With passive drainage, upper and lower drainages are installed to evacuate exudate, and rubber-gauze drainage is installed to expand the drainage channel area.

To actively influence the source of inflammation, two upper drains are placed in the upper floor of the abdominal cavity - under the liver on the right and under the diaphragm on the left, the other two are installed in the side canals of the abdominal cavity and a drainage for evacuating exudate from the pelvis. If necessary, drains can be installed in various departments abdominal cavity depending on the prevalence of peritonitis.

Options for drainage of the abdominal cavity with widespread peritonitis (a, b, c)


Drainage of the abdominal cavity in case of widespread peritonitis for peritoneal lavage (a, b, c). Use drainage tubes and cigarette drains



a - effective lavage; b, c - decrease in efficiency


Laparostomy and planned sanitation of the abdominal cavity for peritonitis are used in various ways.

Indications for laparostomy:
. widespread peritonitis III—IVА, IVB stages with severe endogenous intoxication, multiple organ failure;
. widespread or limited peritonitis with necrosis of the abdominal organs or retroperitoneal tissue;
. anaerobic peritonitis;
. delayed relaparotomy for postoperative peritonitis, both with a tendency to delineate multiple foci of inflammation in various parts of the abdomen, and with a widespread process;
. eventration with widespread peritonitis through purulent wound, and also when high risk eventration (suppuration of the surgical wound with necrosis of the skin, muscles, aponeurosis).

There is a simple and affordable method using a zipper (zipper-laporostomy). This option of laparostomy allows you to control inflammation in the abdominal cavity and perform staged sanitation and necrectomy.

After wide laparotomy (relaparotomy) and elimination of the source of peritonitis and sanitation of the abdominal cavity, the subhepatic and subphrenic spaces and the small pelvis are drained. To temporarily close the abdominal cavity, industrial zippers with a length of at least 30 cm and a width of each half of 2-2.5 cm are used. Vinyl chloride tubes are sewn to the edges of the zipper, washed thoroughly, rinsed and stored until use. alcohol solution chlorhexidine.

Before fixing to the skin, the zipper is separated and alternately sutured behind a fixed tube to the edges of the surgical wound. The detachable parts are fixed using U-shaped skin sutures, 2-2.5 cm away from the edges of the wound. After commit individual parts When zippers are applied to the skin, an omentum is placed on the intestinal loops, and a napkin moistened with an antiseptic is placed between the walls of the wound to prevent damage to the adjacent intestinal loops by the zipper.

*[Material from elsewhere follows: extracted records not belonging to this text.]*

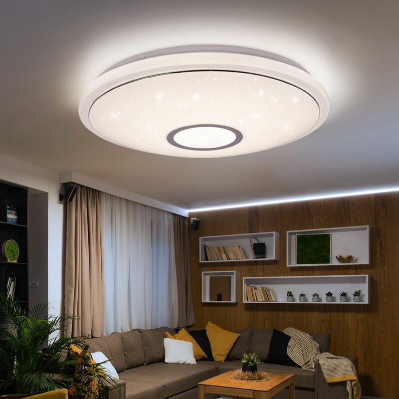 Descrizione Questa plafoniera moderna ma semplice è adatta per l'anticamera, il corridoio, il bagno o la camera da letto. Il diametro è di 50 cm. La lampada è dotata di una scheda LED da 24W, 1400lm. Utilizzando l'interruttore a parete (non incluso) puoi scegliere tra tre diversi colori di luce, 3.000-4.500-6.000 Kelvin. Nella lampada è già installata una sorgente luminosa a LED. Lampada dettagli • Tipo di luce: plafoniera • Materiale: metallo • Paralume: acrilico, bianco, anello cromato (molti piccoli punti traslucidi) • Circuito CCT (vedi descrizione) • Grado di protezione: IP20 • Diametro x altezza in cm: 50x9,5 • Sorgente luminosa: 1x scheda LED • Lampadine incluse: sì • Potenza lampada: 24 watt • Flusso luminoso: 1400 lumen • Temperatura colore: 3000 - 4500 - 6000 Kelvin • Colore della luce: bianco caldo - bianco freddo • Alimentazione: da 220 V a 240 V, da 50 Hz a 60 Hz • Le lampade nell'apparecchio non possono essere sostituite. Dettagli lampadine • Tipo di lampadina: LED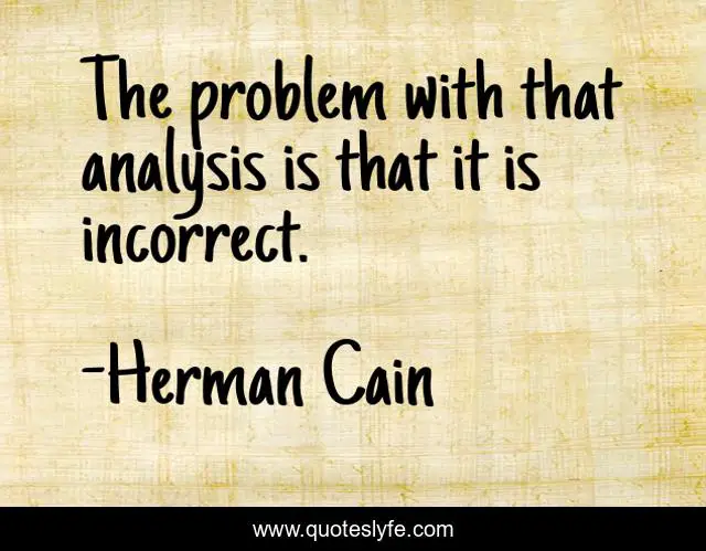 This page presents the quote "The problem with that analysis is that it is incorrect.". Author of this quote is Herman Cain. This quote is about politics, republicans,.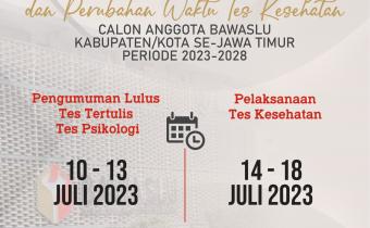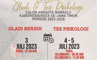 Berikut jadwal gladi dan Tes Psikologi Calon Anggota Bawaslu Kabupaten/Kota se-Jawa Timur periode 2023-2028.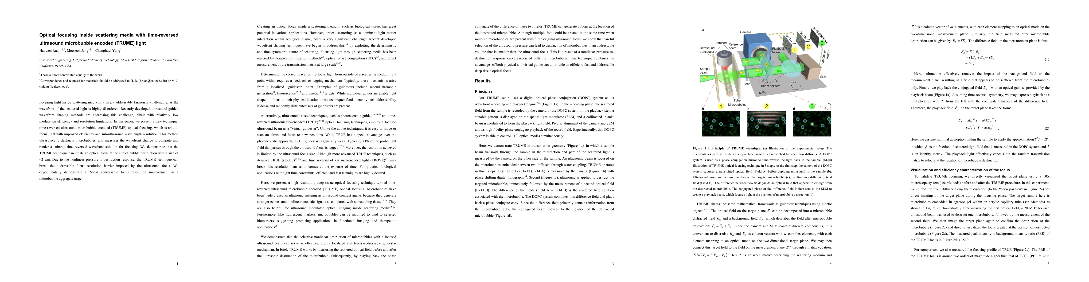 The paper introduces TRUME, a novel technique for focusing light in scattering media using ultrasound-encoded microbubbles, achieving improved efficiency and resolution by ultrasonically destructing microbubbles to measure wavefront changes and compute time-reversed wavefront solutions, demonstrating a 2-fold resolution improvement.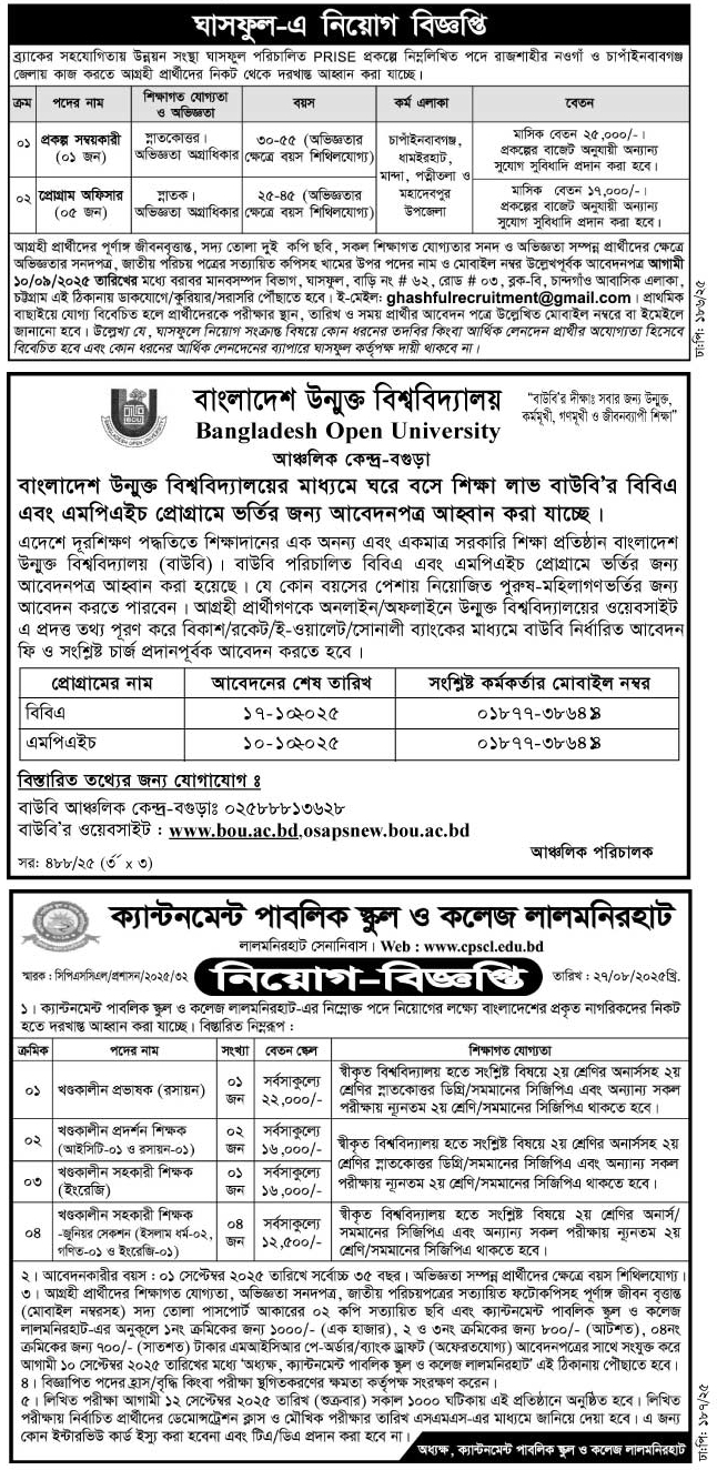 Job Source: Daily Karatoa (30 August 2025)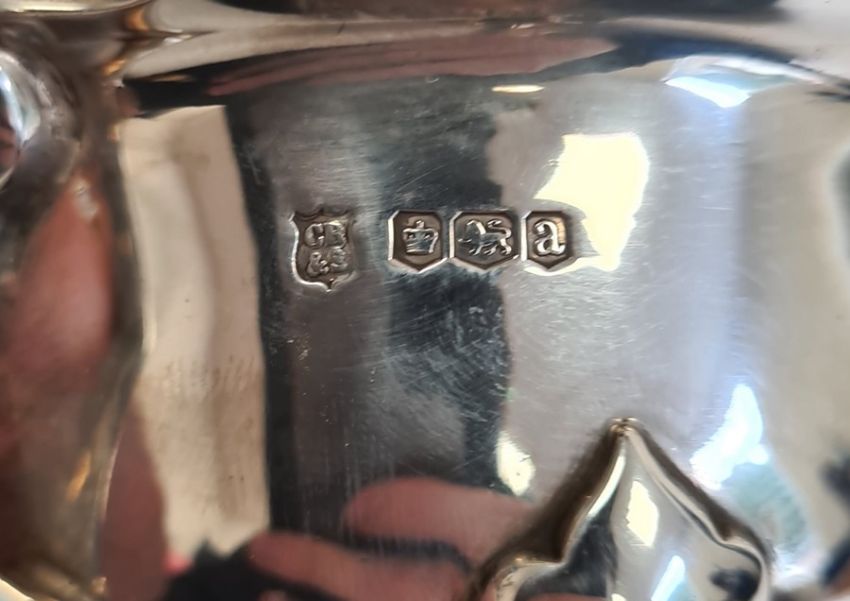 Four-piece silver tea service comprising teapot, hot water jug, two-handled sugar bowl, milk jug and sugar tongs, all with wavy edge border, 47oz total weight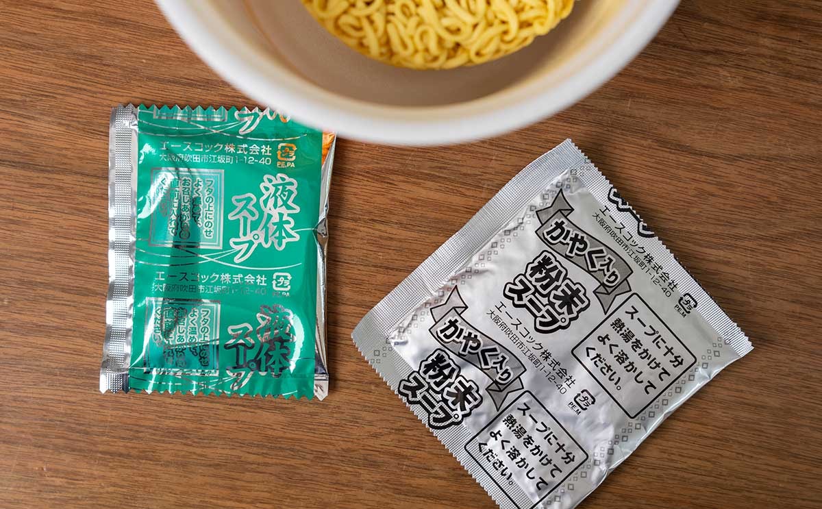 カップの中には、麺と一緒に「かやく入り粉末スープ」と「液体スープ」の袋が入っています。

Fixing the edge of the zipper with intradermal sutures prevents infection of the abdominal wall tissues along the suture channels. Skin fixation with a sewn vinyl chloride tube allows you to avoid an increase in intra-abdominal pressure when closing the zipper due to the elasticity of the skin and tube.

The program for postoperative management of patients with widespread peritonitis during laparostomy includes: choosing a rational method of pain relief; multiple dressings with revision of the abdominal cavity, anastomotic area, former source of infection and rinsing with an antiseptic solution; necrectomy, prevention and localization of complications in the abdominal cavity; suturing a laparotomy wound.

For planned sanitation during laparostomy, local anesthesia is used - epidural anesthesia (extended); intravenous, inhalation (mask and intubation anesthesia). Indications for intubation anesthesia include the possibility of breathing problems during routine sanitation of the abdominal cavity; refusal of repeated use of mask and intubation anesthesia has a positive moral impact on the patient and his relatives.

The first sanitation with revision of the abdominal cavity is carried out in the operating room, 15-20 hours after the intervention. Open the zipper, remove the gauze pad, inspect the edges of the wound, separate the loose adhesions between the edges of the dissected aponeurosis and the adjacent loops of intestine or omentum. The abdominal cavity is inspected and up to 2-3 liters of antiseptic solution are injected into it.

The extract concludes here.